Potash Corporation of Saskatchewan Inc. (TSX:POT)(NYSE:POT) is catching a bit of a tailwind in recent sessions, and investors are wondering if the painful slide in the stock is finally over.

Let’s take a look at the current market situation to see if this is the right time to buy.

Potash prices

Potash prices have been falling for the better part of five years. The fertilizer currently trades around US$240 per tonne in the spot market, about half the price Potash Corp. was getting back in 2011.

A number of factors are responsible for the prolonged pain.

The sell-off picked up speed back in 2013 when big producers in Russia and Belarus decided to end a long-standing marketing partnership. The ugly breakup has resulted in the two former cronies battling it out for market share, and that has put pressure on prices.

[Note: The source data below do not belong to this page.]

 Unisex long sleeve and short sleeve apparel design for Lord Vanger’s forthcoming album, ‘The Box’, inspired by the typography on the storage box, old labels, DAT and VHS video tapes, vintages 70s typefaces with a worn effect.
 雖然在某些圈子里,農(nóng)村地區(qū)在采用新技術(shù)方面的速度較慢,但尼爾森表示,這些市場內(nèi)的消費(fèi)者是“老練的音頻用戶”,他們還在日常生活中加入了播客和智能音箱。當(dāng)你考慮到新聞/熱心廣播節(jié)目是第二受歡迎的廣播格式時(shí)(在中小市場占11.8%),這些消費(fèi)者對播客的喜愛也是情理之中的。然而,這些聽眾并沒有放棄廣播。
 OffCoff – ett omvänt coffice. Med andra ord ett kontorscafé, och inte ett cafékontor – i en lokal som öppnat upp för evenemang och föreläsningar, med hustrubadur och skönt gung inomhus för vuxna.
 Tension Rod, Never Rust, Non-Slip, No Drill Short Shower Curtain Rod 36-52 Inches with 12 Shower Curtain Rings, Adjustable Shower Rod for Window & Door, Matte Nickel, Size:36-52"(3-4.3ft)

In fact, potash prices dropped 25% in the wake of the announcement.

Pundits have speculated the two companies will eventually sort out their differences and renew the cartel, but that doesn’t appear to be in the cards anytime soon.

China and India factor

Each year China and India set the tone for the global potash market as the wholesale prices they negotiate with suppliers tend to act as benchmarks for the rest of the industry. China normally has a deal in place by February and India usually signs on the dotted line by April.

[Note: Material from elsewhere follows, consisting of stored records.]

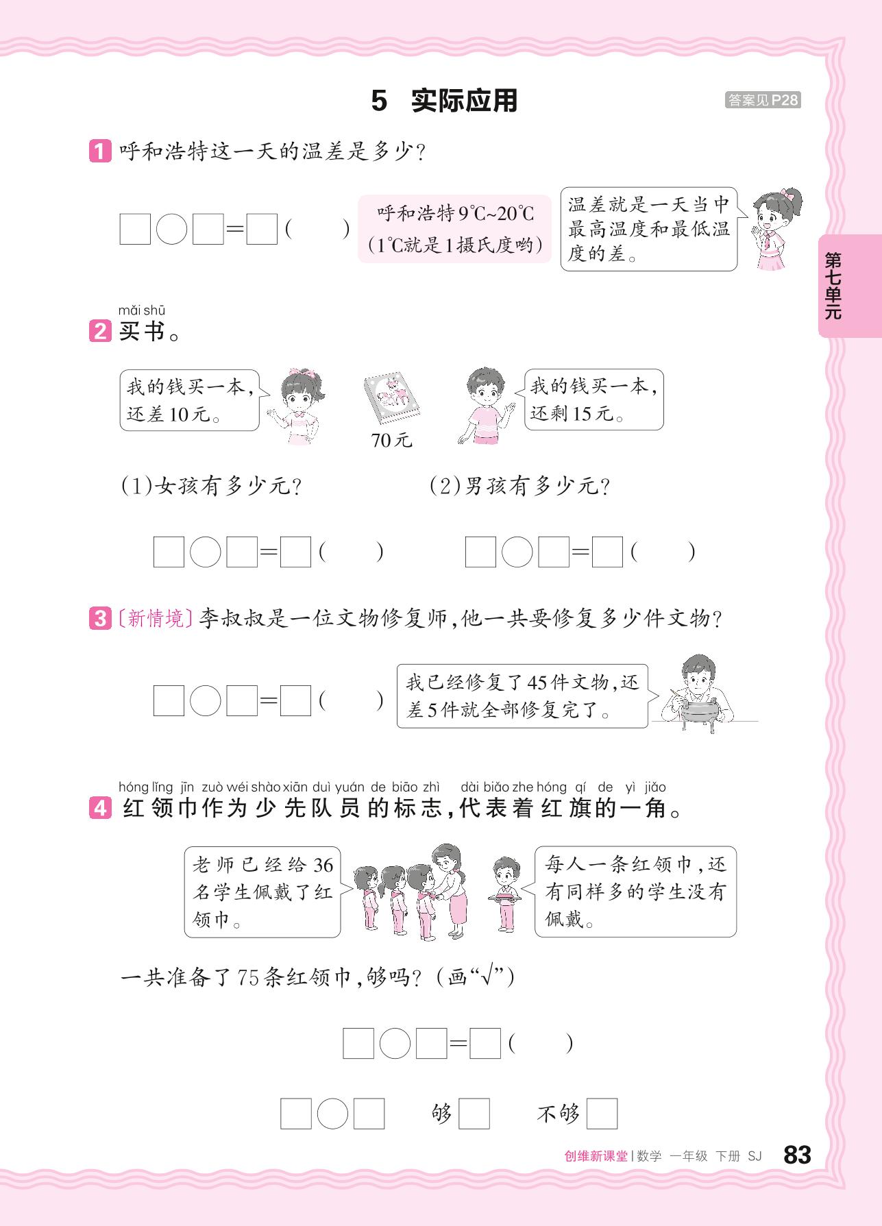 2024春下册一年级数学苏教版 第七单元 期末复习——5. 实际应用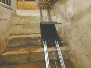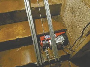 He mounted a switch for the hoist on the wall near the bottom of the stairs. The rails are offset to one side, leaving room for the stairs to be used normally.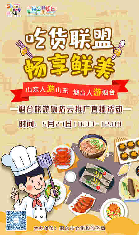5月27日10:00-12:00在“煙臺文旅云”直播平臺參與煙臺旅游飯店“限時惠購”+8輪抽獎+抽取”吃貨王“大獎,8家飯店直播展示特色、優惠產品和招牌美食。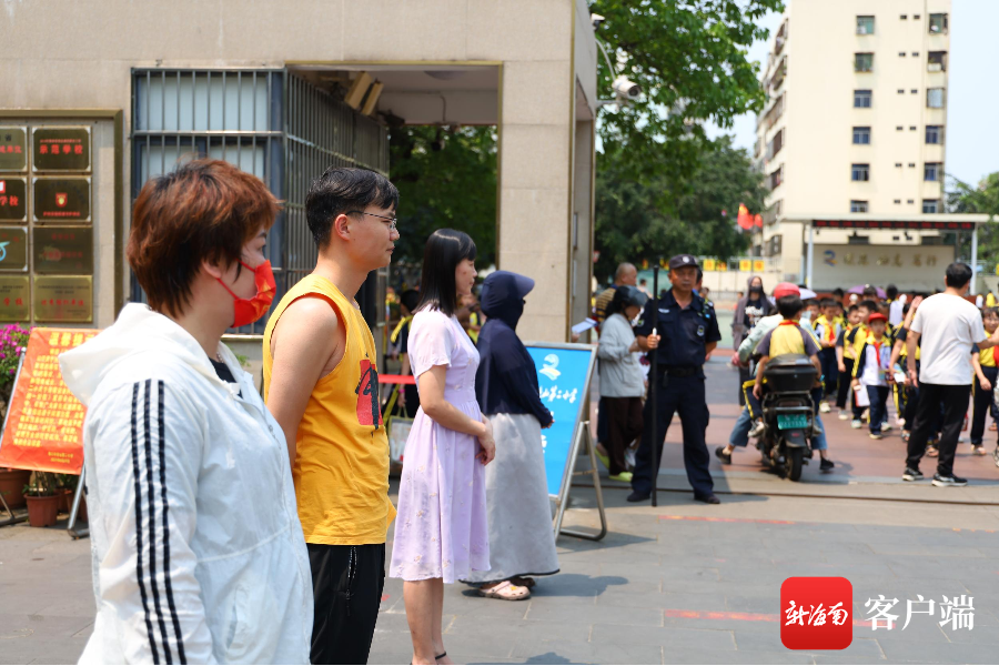 海口市琼山第二小学学生家长组成的护学岗。记者 林鸿羽 摄

This year, both countries are yet to sign a deal, and that is adding to the instability in the market.

Demand woes

India in particular is looking at lower purchases in 2016 as the country battles with drought conditions in key farming regions.

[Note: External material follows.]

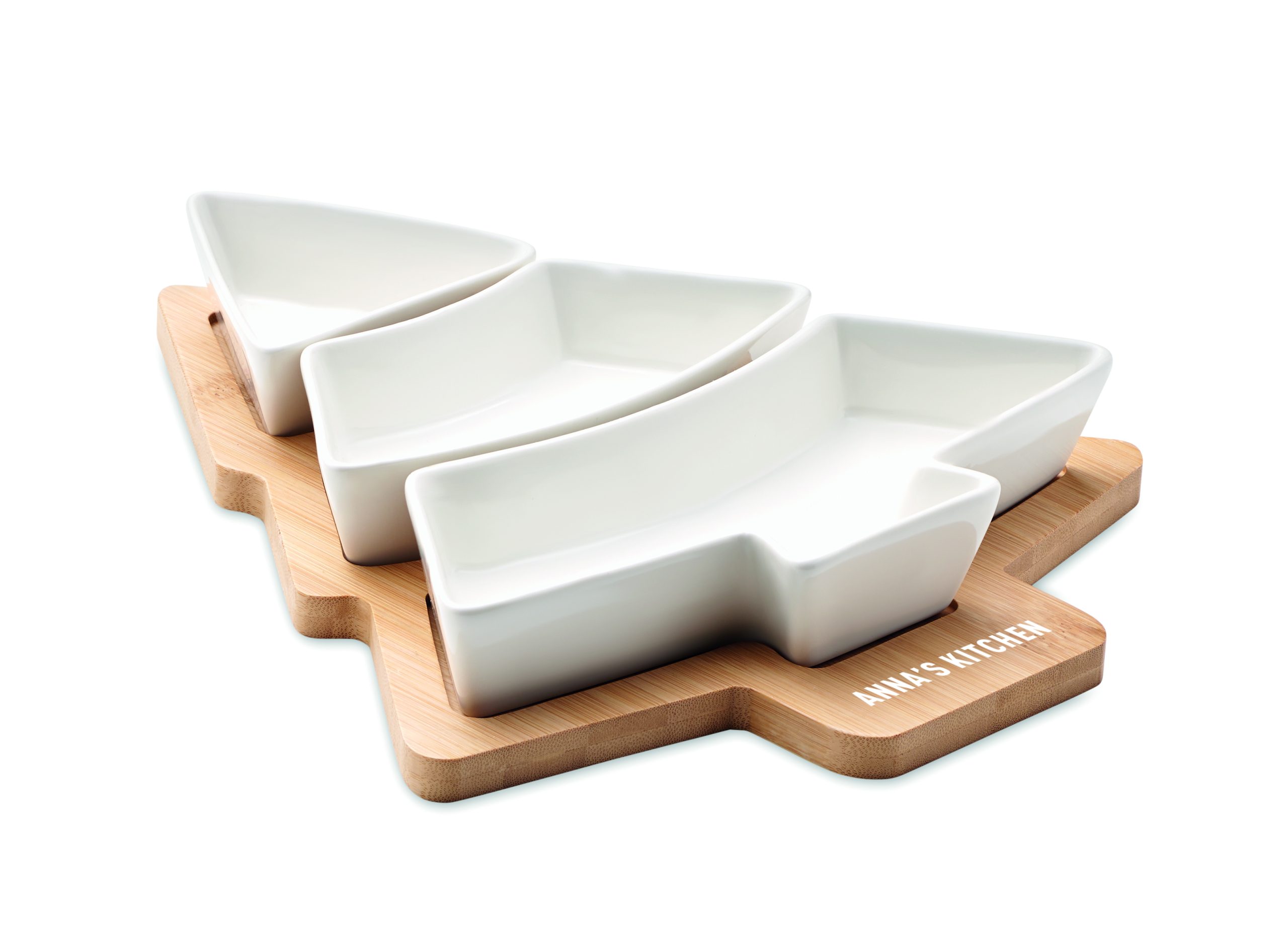 Tree-shaped bamboo serving platter with three ceramic serving dishes. Bamboo is a natural product, there may be slight variations in colour and size per item, which can affect the final decoration outcome.

On the other side of the planet, weak crop prices and volatile currency moves are hurting demand. North American buyers are sitting on their hands as bumper harvests in recent years have put pressure on market prices. At the same time, countries like Brazil are struggling with currency drops that have outpaced the plunge in potash prices.

When you add it all up, global potash sales for 2016 are now expected to be 58-60 million tonnes compared to the 61 million tonnes delivered in 2015.

Production outlook

Potash Corp. has closed mines in New Brunswick and reduced output at two of its facilities in Saskatchewan in response to the weak market conditions. This will result in a total production cut of about 400,000 tonnes.

On the global scale, new mines are under construction and expected to add more supply in the coming years, so there is little short-term relief in sight.

Should you buy?

At the moment, I don’t see a reason to rush in and buy the stock. The Q1 2016 results could be ugly and market conditions might continue to deteriorate through the year, so more downside is possible in the coming months.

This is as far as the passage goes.